Aim of the exercise: Every line below from the one with "This illustration shows" through the one with "Our professional engineers" is to be repeated exactly, with no picture among them.
════
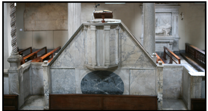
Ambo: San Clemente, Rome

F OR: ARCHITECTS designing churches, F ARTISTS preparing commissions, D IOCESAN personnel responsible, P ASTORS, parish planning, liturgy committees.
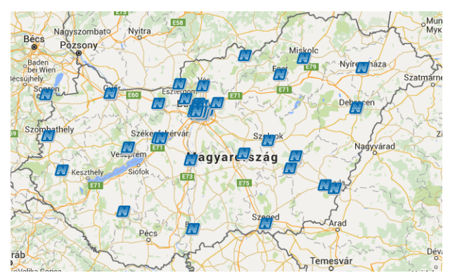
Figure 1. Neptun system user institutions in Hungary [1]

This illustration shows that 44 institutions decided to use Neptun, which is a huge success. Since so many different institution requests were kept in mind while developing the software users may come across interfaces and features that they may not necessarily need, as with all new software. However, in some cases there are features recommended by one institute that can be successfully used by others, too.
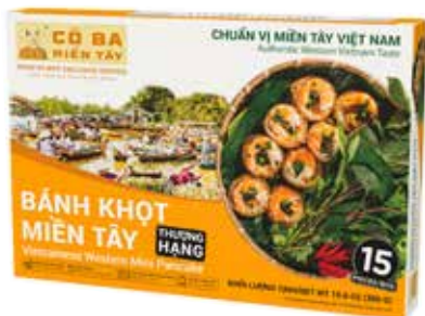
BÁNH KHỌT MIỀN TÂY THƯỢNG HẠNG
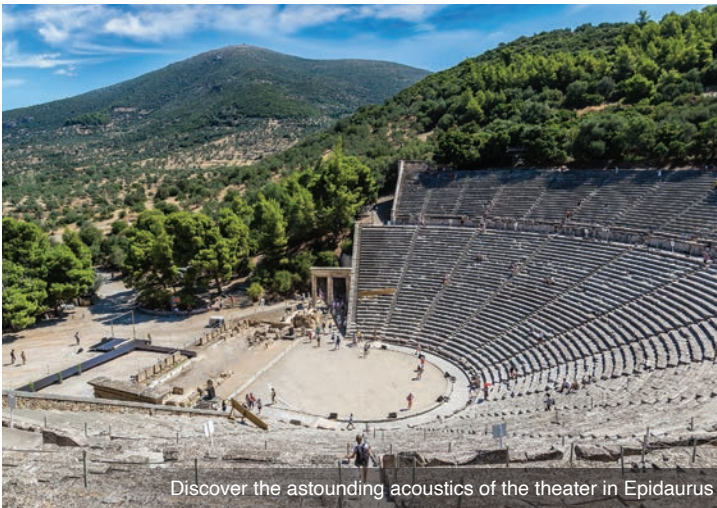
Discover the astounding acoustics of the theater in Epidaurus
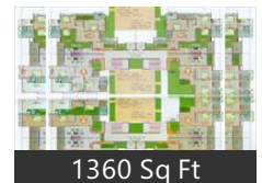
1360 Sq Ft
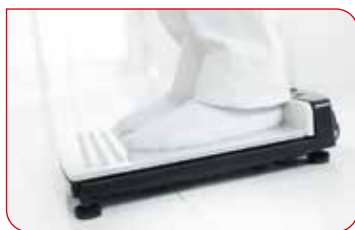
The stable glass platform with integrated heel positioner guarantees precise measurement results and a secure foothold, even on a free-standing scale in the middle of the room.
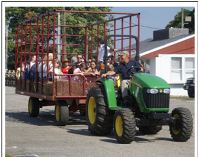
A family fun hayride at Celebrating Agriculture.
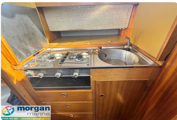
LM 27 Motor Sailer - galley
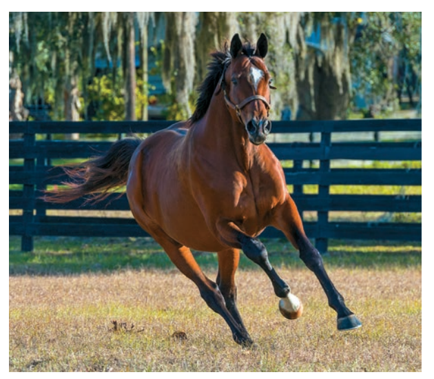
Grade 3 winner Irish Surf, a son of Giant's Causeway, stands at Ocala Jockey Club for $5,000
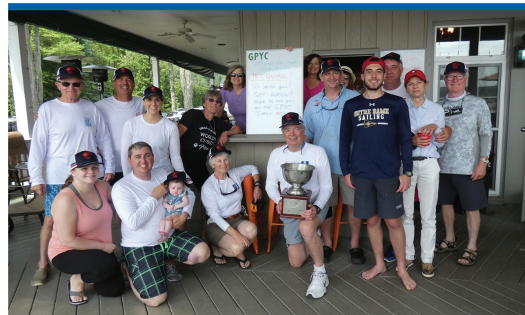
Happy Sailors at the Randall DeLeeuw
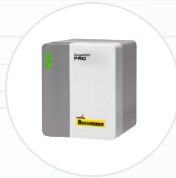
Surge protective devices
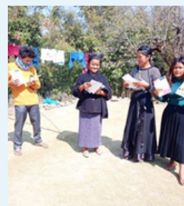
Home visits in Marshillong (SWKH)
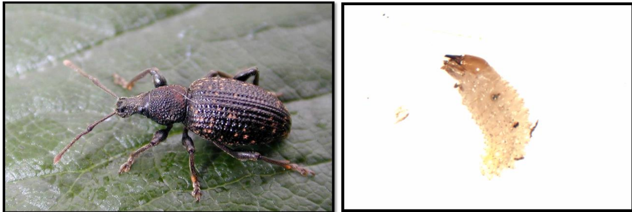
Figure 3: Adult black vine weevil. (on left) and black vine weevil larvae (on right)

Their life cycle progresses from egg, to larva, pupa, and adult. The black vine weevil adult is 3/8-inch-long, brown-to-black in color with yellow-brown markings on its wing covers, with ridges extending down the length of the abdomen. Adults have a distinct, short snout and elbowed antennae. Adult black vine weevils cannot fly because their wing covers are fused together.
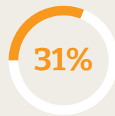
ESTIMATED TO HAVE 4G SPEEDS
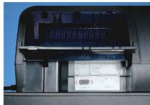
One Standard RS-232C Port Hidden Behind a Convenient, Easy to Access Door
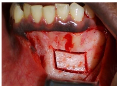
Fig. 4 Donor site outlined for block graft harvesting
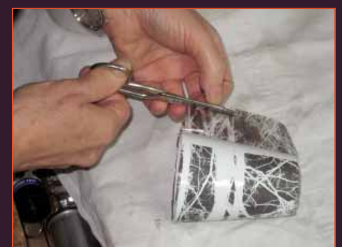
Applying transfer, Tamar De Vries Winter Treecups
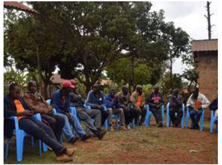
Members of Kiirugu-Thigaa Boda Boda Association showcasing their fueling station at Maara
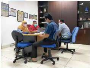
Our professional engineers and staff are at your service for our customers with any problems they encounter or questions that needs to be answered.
════
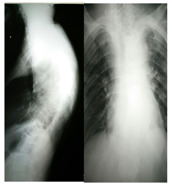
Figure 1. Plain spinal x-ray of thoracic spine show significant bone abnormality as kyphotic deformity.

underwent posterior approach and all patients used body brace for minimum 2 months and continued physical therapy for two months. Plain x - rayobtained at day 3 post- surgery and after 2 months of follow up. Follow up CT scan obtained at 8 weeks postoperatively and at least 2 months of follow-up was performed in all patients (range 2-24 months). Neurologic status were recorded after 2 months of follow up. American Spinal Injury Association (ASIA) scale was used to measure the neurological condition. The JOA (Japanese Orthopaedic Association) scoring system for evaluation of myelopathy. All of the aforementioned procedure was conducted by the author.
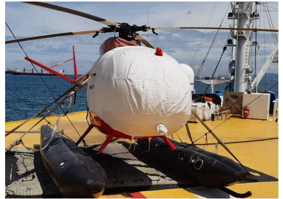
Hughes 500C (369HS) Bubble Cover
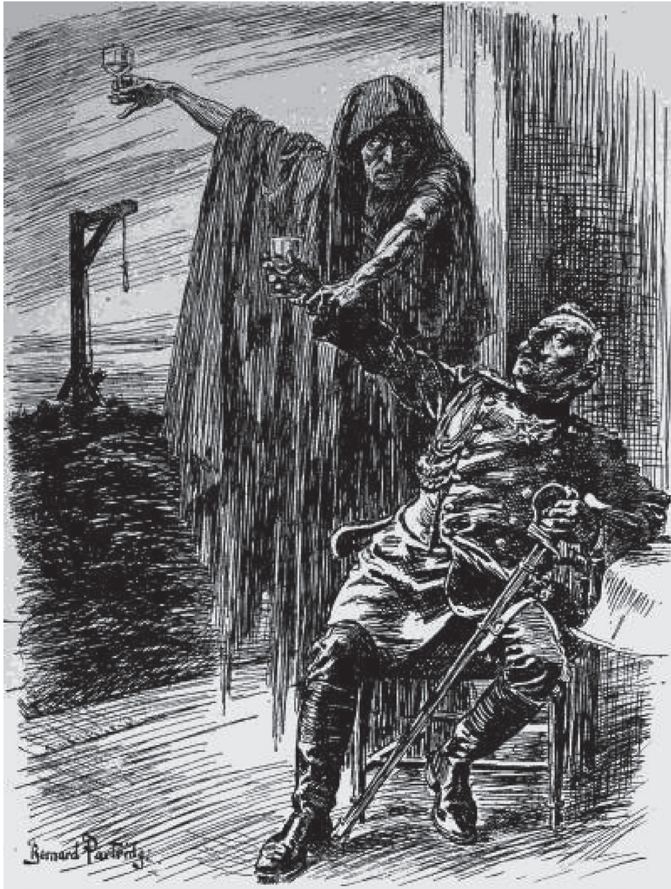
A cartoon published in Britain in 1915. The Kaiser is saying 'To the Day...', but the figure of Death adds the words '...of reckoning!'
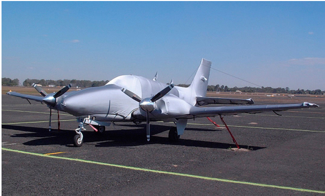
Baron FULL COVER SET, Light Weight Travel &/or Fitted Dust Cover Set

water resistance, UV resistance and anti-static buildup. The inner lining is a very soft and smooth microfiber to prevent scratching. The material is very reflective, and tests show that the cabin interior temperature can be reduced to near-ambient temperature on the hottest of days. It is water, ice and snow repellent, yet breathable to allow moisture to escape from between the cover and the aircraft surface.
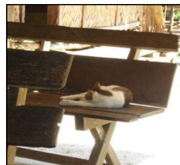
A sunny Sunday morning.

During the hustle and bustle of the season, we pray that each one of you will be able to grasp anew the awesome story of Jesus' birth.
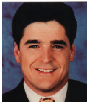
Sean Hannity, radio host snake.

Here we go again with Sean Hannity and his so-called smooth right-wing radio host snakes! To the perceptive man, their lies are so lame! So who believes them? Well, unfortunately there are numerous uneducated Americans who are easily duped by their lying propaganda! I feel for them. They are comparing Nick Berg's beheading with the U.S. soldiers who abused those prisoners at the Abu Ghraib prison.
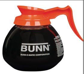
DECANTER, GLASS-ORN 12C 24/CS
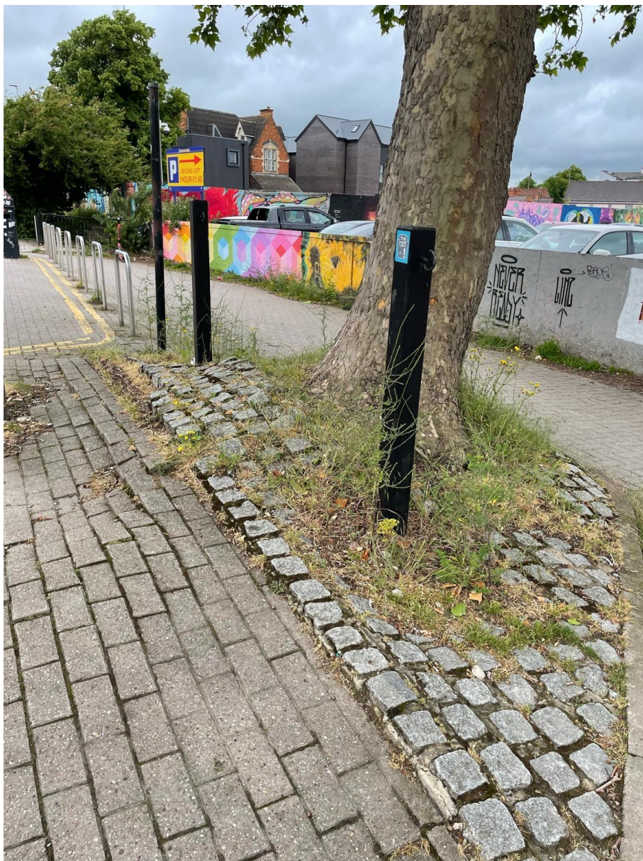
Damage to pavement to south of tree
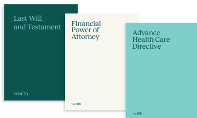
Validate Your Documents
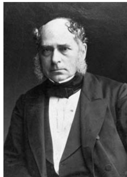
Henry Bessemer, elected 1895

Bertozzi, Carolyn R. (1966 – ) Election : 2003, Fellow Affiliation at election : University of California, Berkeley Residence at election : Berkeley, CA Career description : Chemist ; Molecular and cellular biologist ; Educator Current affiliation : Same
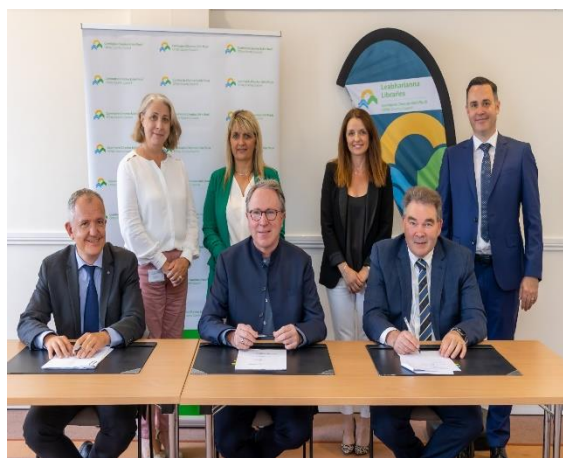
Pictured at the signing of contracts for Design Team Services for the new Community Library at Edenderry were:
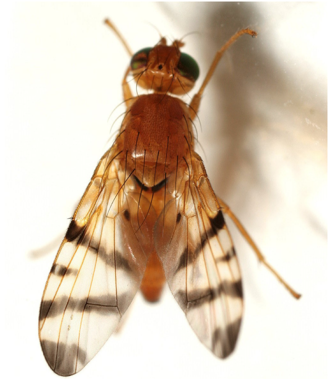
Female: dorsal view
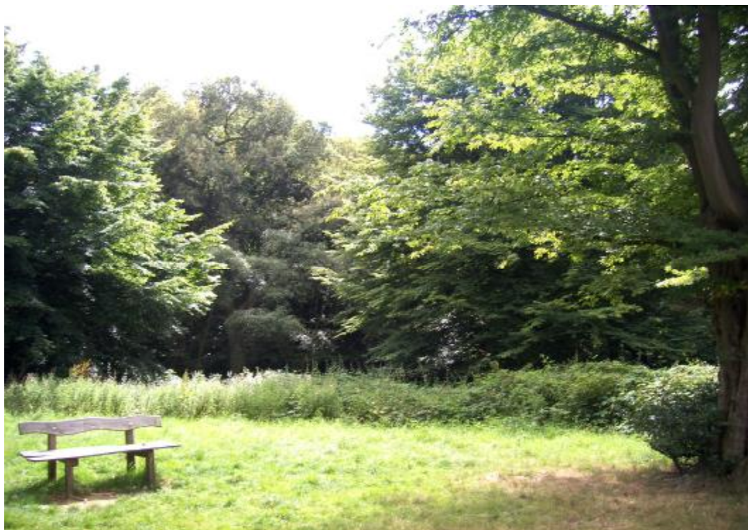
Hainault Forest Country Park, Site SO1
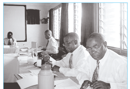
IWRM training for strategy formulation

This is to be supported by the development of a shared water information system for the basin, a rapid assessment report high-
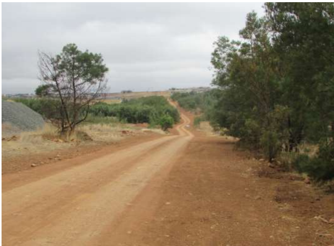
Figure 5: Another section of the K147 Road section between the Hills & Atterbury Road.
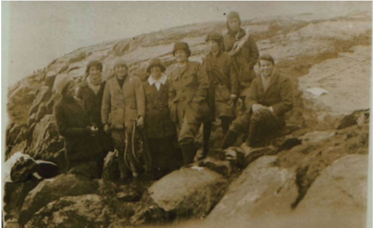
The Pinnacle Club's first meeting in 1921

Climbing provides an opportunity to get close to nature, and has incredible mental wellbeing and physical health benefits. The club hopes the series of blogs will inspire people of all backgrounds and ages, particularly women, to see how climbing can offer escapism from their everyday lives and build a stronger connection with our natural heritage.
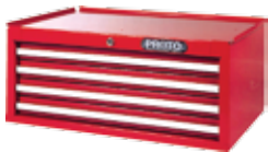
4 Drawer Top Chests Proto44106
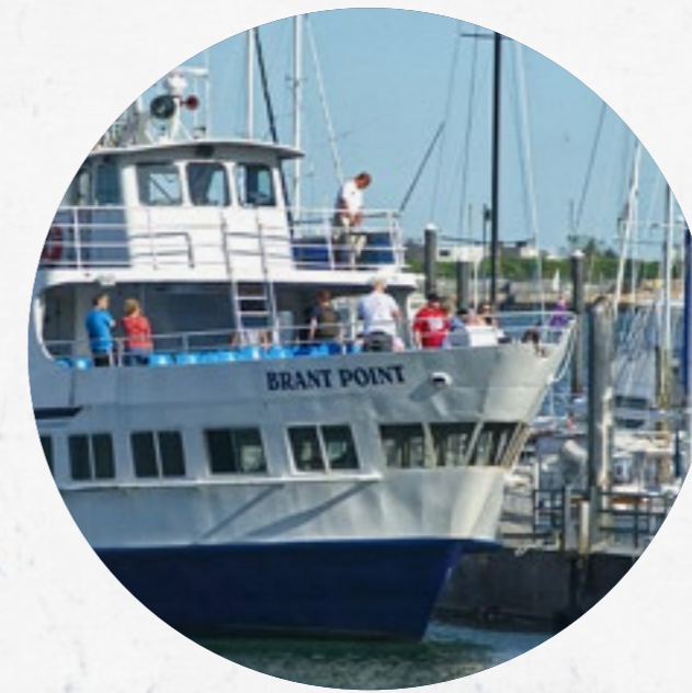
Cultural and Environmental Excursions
════
Answer section:
This illustration shows that 44 institutions decided to use Neptun, which is a huge success. Since so many different institution requests were kept in mind while developing the software users may come across interfaces and features that they may not necessarily need, as with all new software. However, in some cases there are features recommended by one institute that can be successfully used by others, too.
BÁNH KHỌT MIỀN TÂY THƯỢNG HẠNG
Discover the astounding acoustics of the theater in Epidaurus
1360 Sq Ft
The stable glass platform with integrated heel positioner guarantees precise measurement results and a secure foothold, even on a free-standing scale in the middle of the room.
A family fun hayride at Celebrating Agriculture.
LM 27 Motor Sailer - galley
Grade 3 winner Irish Surf, a son of Giant's Causeway, stands at Ocala Jockey Club for $5,000
Happy Sailors at the Randall DeLeeuw
Surge protective devices
Home visits in Marshillong (SWKH)
Figure 3: Adult black vine weevil. (on left) and black vine weevil larvae (on right)

Their life cycle progresses from egg, to larva, pupa, and adult. The black vine weevil adult is 3/8-inch-long, brown-to-black in color with yellow-brown markings on its wing covers, with ridges extending down the length of the abdomen. Adults have a distinct, short snout and elbowed antennae. Adult black vine weevils cannot fly because their wing covers are fused together.
ESTIMATED TO HAVE 4G SPEEDS
One Standard RS-232C Port Hidden Behind a Convenient, Easy to Access Door
Fig. 4 Donor site outlined for block graft harvesting
Applying transfer, Tamar De Vries Winter Treecups
Members of Kiirugu-Thigaa Boda Boda Association showcasing their fueling station at Maara
Our professional engineers and staff are at your service for our customers with any problems they encounter or questions that needs to be answered.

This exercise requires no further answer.